GLI SVILUPPI DELLA  MUNICH SECURITY CONFERENCE

L’intervento di Putin nel 2007 provocò sentimenti di preoccupazione tra i partecipanti, in quanto sembrò voler indirizzare il mondo verso una nuova guerra fredda. In quel momento storico la Russia era appena emersa dalle rovine dell’URSS con l’aiuto di USA ed Europa, che si erano profusi per la sua integrazione nel contesto europeo, fornendole assistenza finanziaria e tecnica. Tutti gli Stati europei firmarono molteplici accordi, impegnandosi a sostenere i principi chiave contenuti negli stessi, compreso l’astenersi dalla minaccia o dall’uso della forza, e affermando il diritto di libera scelta da parte di ogni Stato nell’adozione dei propri sistemi politici ed economici. Le cose iniziarono a cambiare tra la fine degli anni Novanta e l’inizio degli anni Duemila a causa dell’insoddisfazione russa sulle scelte statunitensi relative al Kosovo e all’Iraq. L’arrivo di Putin al Cremlino venne accolta favorevolmente dalla comunità internazionale, in quanto, dopo un decennio in cui in Russia corruzione e fallimenti imperversavano nell’ordine pubblico, il nuovo leader russo si configurò come colui che avrebbe avviato la dovuta azione correttiva, rafforzando la stabilità e avviando un processo di modernizzazione della Russia che non creasse troppi danni alla democrazia. 
In realtà l’impegno di Putin non si limitò al rafforzamento dello Stato di diritto, alla costruzione di una economia salda e al ricollocamento della Russia tra le grandi potenze globali, ma avviò anche una metodica ricostruzione delle Forze Armate, accompagnata dalla modernizzazione dell’arsenale nucleare e dall’espansione delle attività di intelligence.

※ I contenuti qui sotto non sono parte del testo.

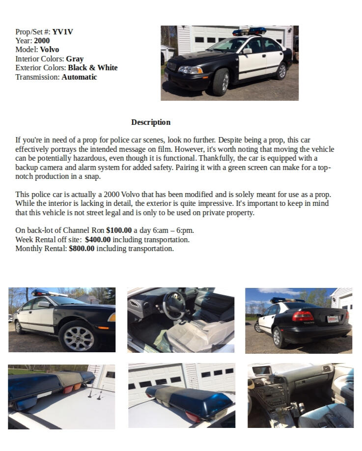 While Channel Ron's film vehicles may not be the absolute best in the industry, we have a wide selection that could meet your film's needs, including police cars and aircraft. Although most of the vehicles are operational, they are not intended for road use as they lack proper safety features and may not pass inspection. However, they are still capable of being driven without issue. We invite you to consider our vehicles for your film and give us the opportunity to provide you with the perfect vehicle.
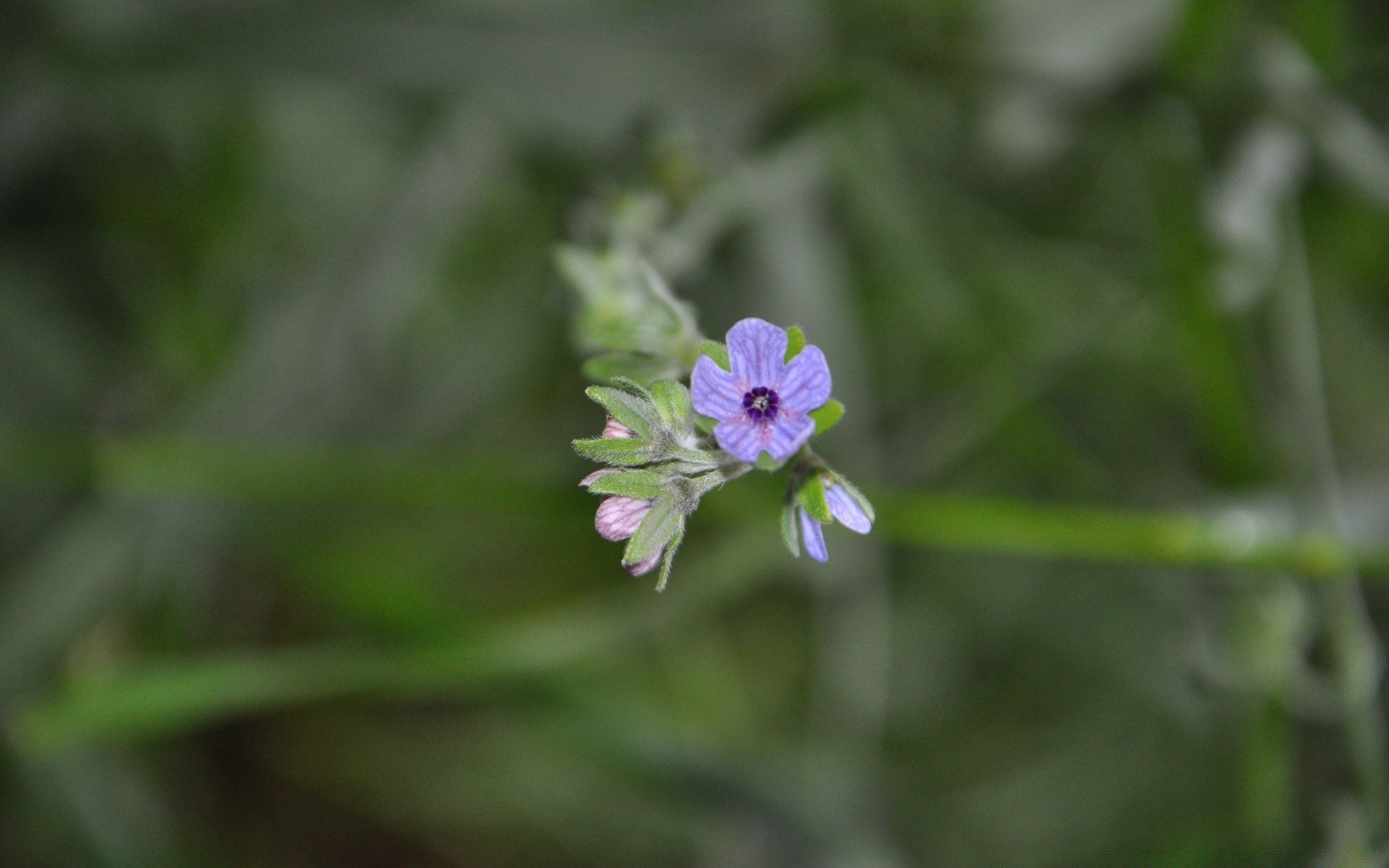 Green grass and small yellow flowers in the field under the rays of the sunGreen grass and small yellow flowers in the field under the rays of the sun
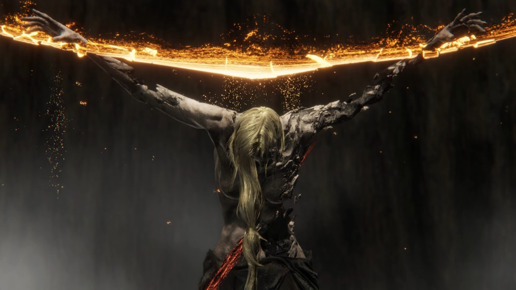 But the sin was indeed committed, and it is likely for that reason that Radagon shares in Marika’s punishment. He was the one who failed to rein in his other half, making him just as guilty in Gold’s eyes. As her “better” angel, the so-called dog shouldered the burden during that fateful moment, and the Elden Lord fell miserably short of the Order’s faith in him. As a result, it has stepped in to discipline them both, though the Elden Beast still seems to entrust the man with certain responsibilities. While holding them captive, the Ring nestles itself inside Marika and Radagon’s broken shell of a body, its shadowy manifestation holding the crumbling husk together as the hero king battles on its behalf. It is only after failing it again, losing to us in battle, that the Elden Beast rises from the shadows, literal and metaphorical, once more. We can therefore infer the beast responsible for the crucifix arc fracturing so that Radagon can be freed to fight just as we enter. Clearly, it trusts Radagon’s ability to keep his other half suppressed and defend what is left of the Order in this moment.
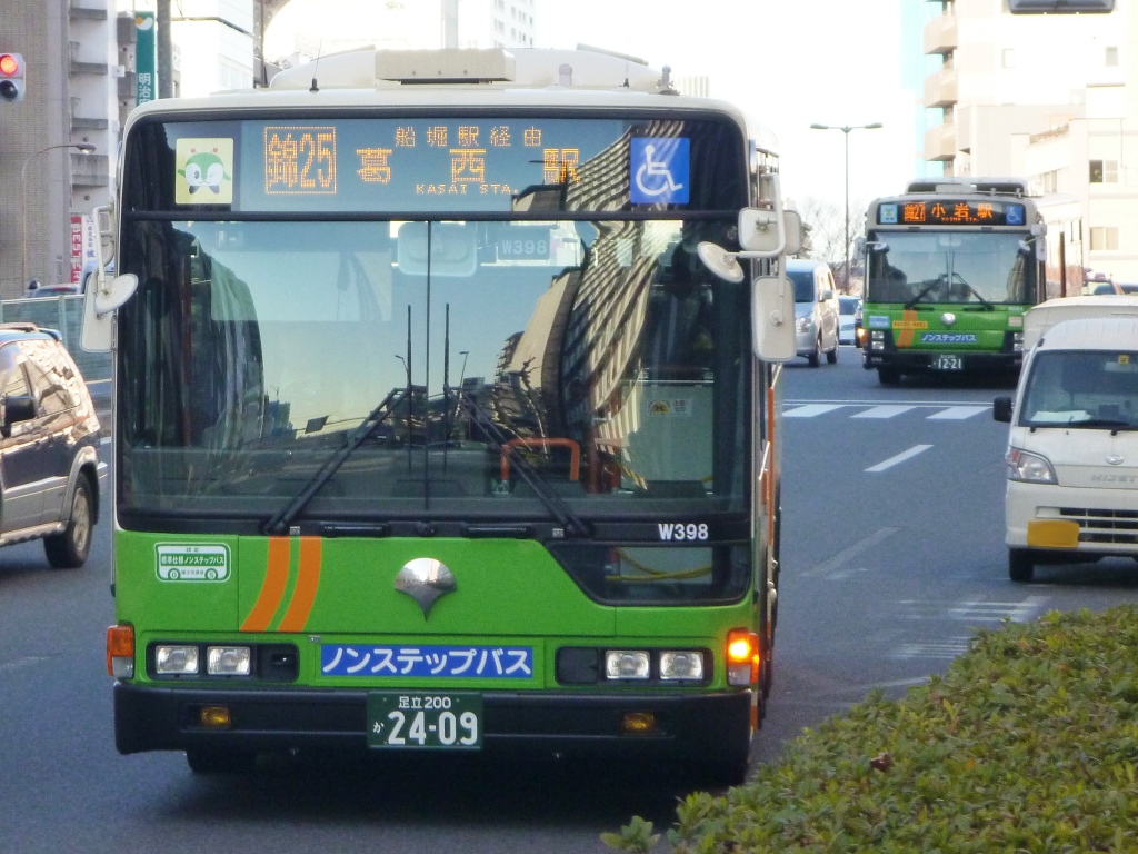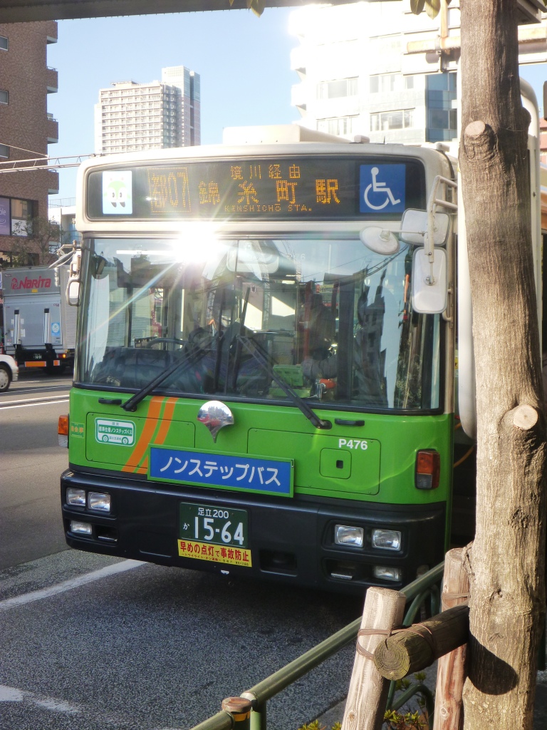 ▲後ろには錦27系統小岩ゆきも続行しており、高密度運行ぶりが伺えます。@亀戸一丁目

Contemporaneamente Putin iniziò a smantellare la nascente democrazia russa, acquisendo il controllo dei media, consolidando le industrie statali, minando l’opposizione al suo partito Edinnaia Russia (Russia Unita) e rimpiazzando gli oligarchi degli anni Novanta con uomini di fiducia (ponendo in essere qualcosa di simile al sistema sovietico di controllo del Partito Comunista). Putin, non ancora soddisfatto, demolì le strutture progettate per il mantenimento della pace in Europa, annunciando formalmente nel luglio 2007 di non voler più aderire al CFE Treaty, rifiutando il principio del consenso di nazione ospitante per la presenza di truppe russe in Georgia e Moldova, e ignorando i limiti imposti dalla Convenzione di Vienna. Nel 2008 la Russia invase la Georgia, sostituendo le proprie forze di pace – già presenti in Abkhazia e Ossezia del Sud – con personale militare regolare e guidando i propri carri armati verso Tbilisi. Sei anni dopo, avendo preso il controllo della Crimea e orchestrato una annessione illegale, pose in essere attacchi a bassa intensità in Ucraina orientale ed occupò parti del Donbas. Successivamente la Russia violò anche l’INF Treaty e iniziò a negare le dovute autorizzazioni per i sorvoli previsti dal Treaty on Open Skies
Oggi l’ ottimismo del 2007 potrebbe apparire pura ingenuità, ma in realtà, tra molti dei leader politici di Stati Uniti ed Europa si era radicata la sensazione (e la speranza) che la Russia potesse essere integrata nel sistema occidentale, anche alla luce degli importanti sviluppi raggiunti in tal senso tra il 1991 e il 2007. Inoltre gli esiti della conferenza e il termine del mandato di Bush rendevano tale ottimismo ancora più giustificabile. Con Barack Obama si assistette a un reset unilaterale della politica statunitense verso la Russia, per un certo periodo immune alle trasgressioni putiniane, mentre Donald Trump, nel corso del proprio mandato presidenziale, si rifiutò esplicitamente di criticare Putin, nonostante l’inasprimento di alcune politiche contro Mosca. Infine Joe Biden ha cercato una relazione “stabile e prevedibile” con la Russia e ha tenuto una serie di summit con Putin, al fine di disinnescare eventuali minacce russe contro l’Ucraina e l’ordine di sicurezza europeo, ma senza successo. Si può affermare senza alcun dubbio che nel corso degli anni Putin ha perfezionato le proprie capacità mediatiche e di comunicazione, acquisendo una notevole capacità nel dare forma a una narrativa pubblica favorevole. Il discorso di Monaco non era chiaramente diretto ad acquisire il favore del pubblico della conferenza, ma era mirato a ottenere il consenso di quella parte d’Europa che poteva simpatizzare con le accuse della Russia contro gli USA: un playbook che l’URSS aveva utilizzato per contrastare il dispiegamento di missili Pershing in Germania negli anni Ottanta, nel quale si enfatizzava il risentimento popolare per sostenere il revisionismo storico e fornire copertura per la riaffermazione del controllo del Cremlino sui territori che considerava di diritto propri. E ora stiamo assistendo all’accettazione in Europa e negli USA della visione russa secondo cui l’allargamento della NATO è la vera causa delle minacce della Russia contro l’Ucraina oggi, piuttosto che il desiderio di Putin di ricostruire una Russia più grande, autoritaria in patria e aggressiva all’estero.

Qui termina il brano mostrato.